### WHAT THE TASK REQUIRES
Every record here must be copied exactly, except for the images it holds.
>>>>
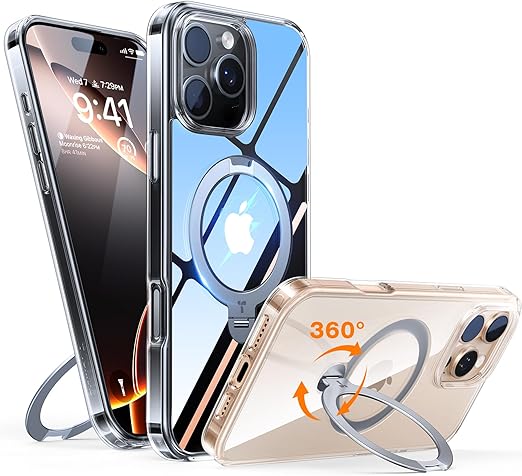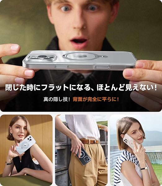 【カチッ!2024新開発・安定性】TORRAS iPhone 16 Pro Max 用 ケース ゼンマイ式スタンド 縦横両対応 リング マグネット搭載 MagSafe対応 ワイヤレス充電対応 米軍MIL規格耐衝撃 指紋防止 黄変防止 マグセーフ対応 6.9インチ いphone16pro max 用 ケース「Ostand Spin」クリア a
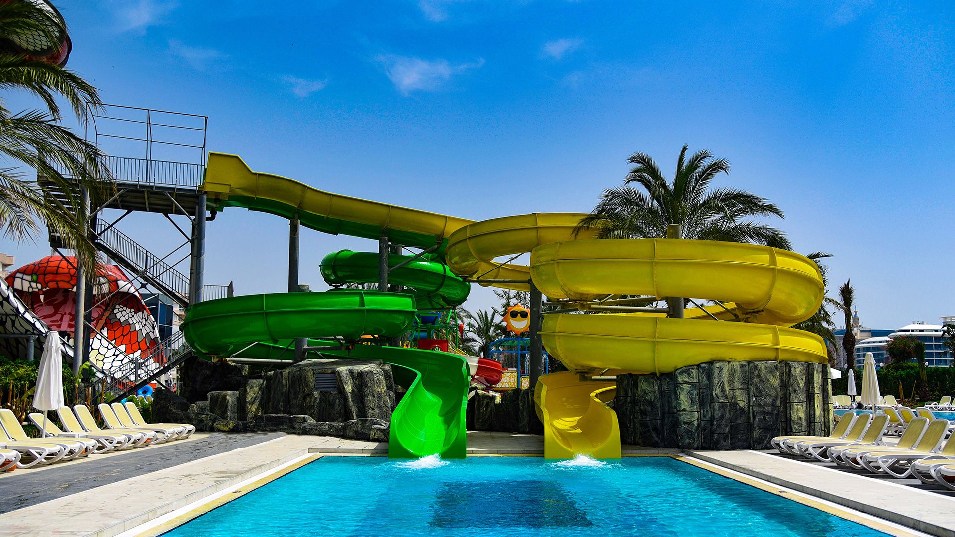 За децата: Детско меню, детска зона за игра, мини клуб (4-12 г.), 3 детски басейна, водни пързалки, мини дискотека, анимация.
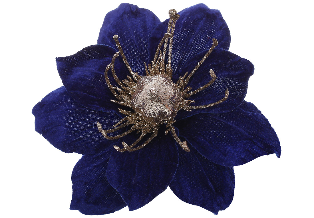 Оксамитова квітка Магнолія 20см, колір - синій з гліттером
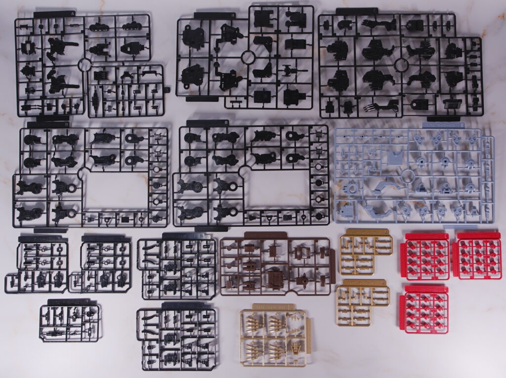 ・無数のブレードやフィンなど、尖っている部品や薄い部品が多いため、破損やケガに注意が必要です。 ・細長いパーツが多く、ゲート処理時に白化しやすい箇所があるため、丁寧なニッパーワークが求められます。 ・アクションポーズ時の保持力を高めるため、一部の装甲パーツなどは接着剤を使用したほうが安定します。 |
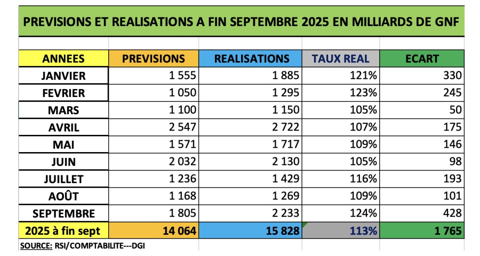 Pour la première fois sur la période observée, les réalisations à fin septembre dépassent les prévisions (15 828 vs 14 064 milliards GNF), avec un taux de réalisation de 113%.
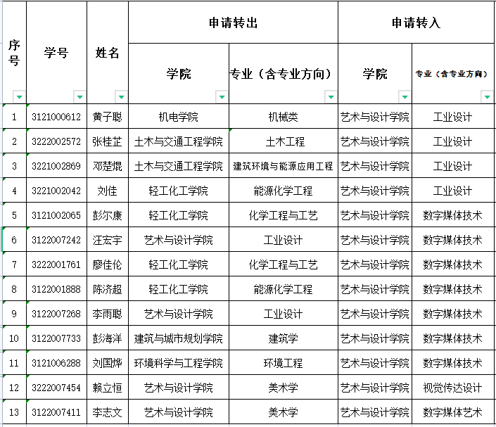 各专业学生的资格进行审查,现将通过面试考核资格的学生名单公布如下:
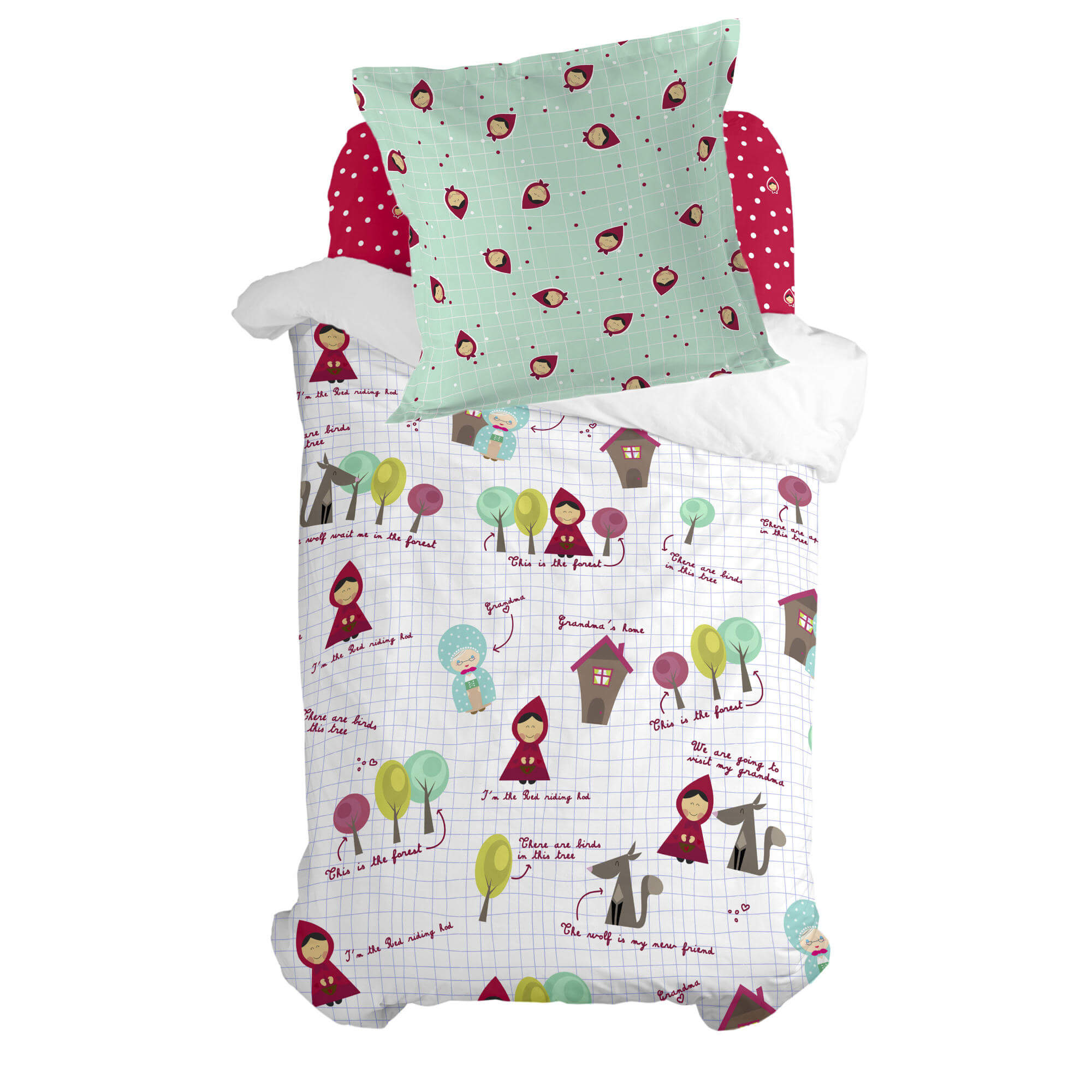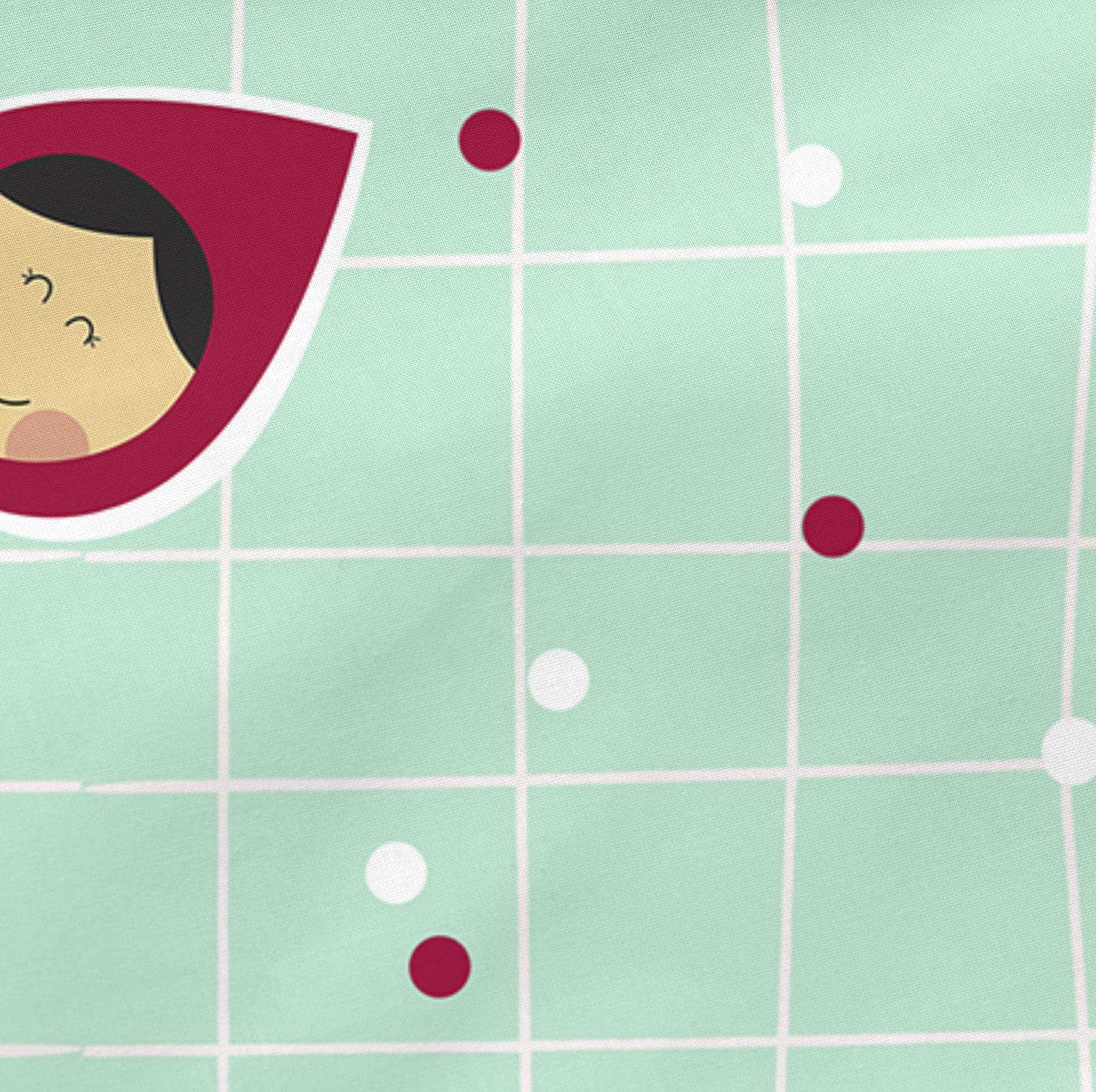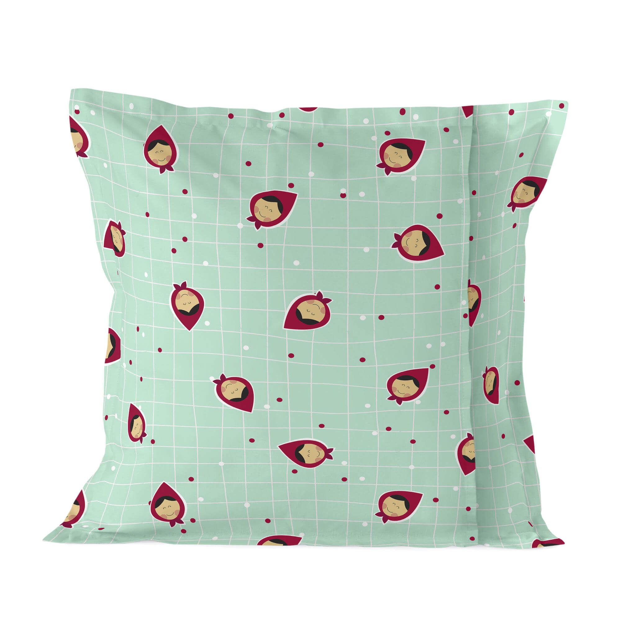 The Grandma Notebook Pillow Cover from the Mr. Fox Collection will help you decorate your child´s headboard in a fun and colourful way with it calming mint green tone and playful red hooded girl illustrations.
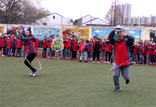 在“挑战龙卷风”中,由个体到集体,双手握杆,齐心协力,一起奔跑,让大家更加体验团队精神,感受团队合作的快乐。汗水尽情地在操场里挥洒,开心洋溢在每一张朝气蓬勃的脸上。活动结束后,初中部张伟星主任为该项目的优胜班级颁发了集体荣誉——“勇往直前风尚奖”。
<<<<
### COMPLETED EXERCISE
 【カチッ!2024新開発・安定性】TORRAS iPhone 16 Pro Max 用 ケース ゼンマイ式スタンド 縦横両対応 リング マグネット搭載 MagSafe対応 ワイヤレス充電対応 米軍MIL規格耐衝撃 指紋防止 黄変防止 マグセーフ対応 6.9インチ いphone16pro max 用 ケース「Ostand Spin」クリア a
 За децата: Детско меню, детска зона за игра, мини клуб (4-12 г.), 3 детски басейна, водни пързалки, мини дискотека, анимация.
 Оксамитова квітка Магнолія 20см, колір - синій з гліттером
 ・無数のブレードやフィンなど、尖っている部品や薄い部品が多いため、破損やケガに注意が必要です。 ・細長いパーツが多く、ゲート処理時に白化しやすい箇所があるため、丁寧なニッパーワークが求められます。 ・アクションポーズ時の保持力を高めるため、一部の装甲パーツなどは接着剤を使用したほうが安定します。 |
 Pour la première fois sur la période observée, les réalisations à fin septembre dépassent les prévisions (15 828 vs 14 064 milliards GNF), avec un taux de réalisation de 113%.
 各专业学生的资格进行审查,现将通过面试考核资格的学生名单公布如下:
 The Grandma Notebook Pillow Cover from the Mr. Fox Collection will help you decorate your child´s headboard in a fun and colourful way with it calming mint green tone and playful red hooded girl illustrations.
 在“挑战龙卷风”中,由个体到集体,双手握杆,齐心协力,一起奔跑,让大家更加体验团队精神,感受团队合作的快乐。汗水尽情地在操场里挥洒,开心洋溢在每一张朝气蓬勃的脸上。活动结束后,初中部张伟星主任为该项目的优胜班级颁发了集体荣誉——“勇往直前风尚奖”。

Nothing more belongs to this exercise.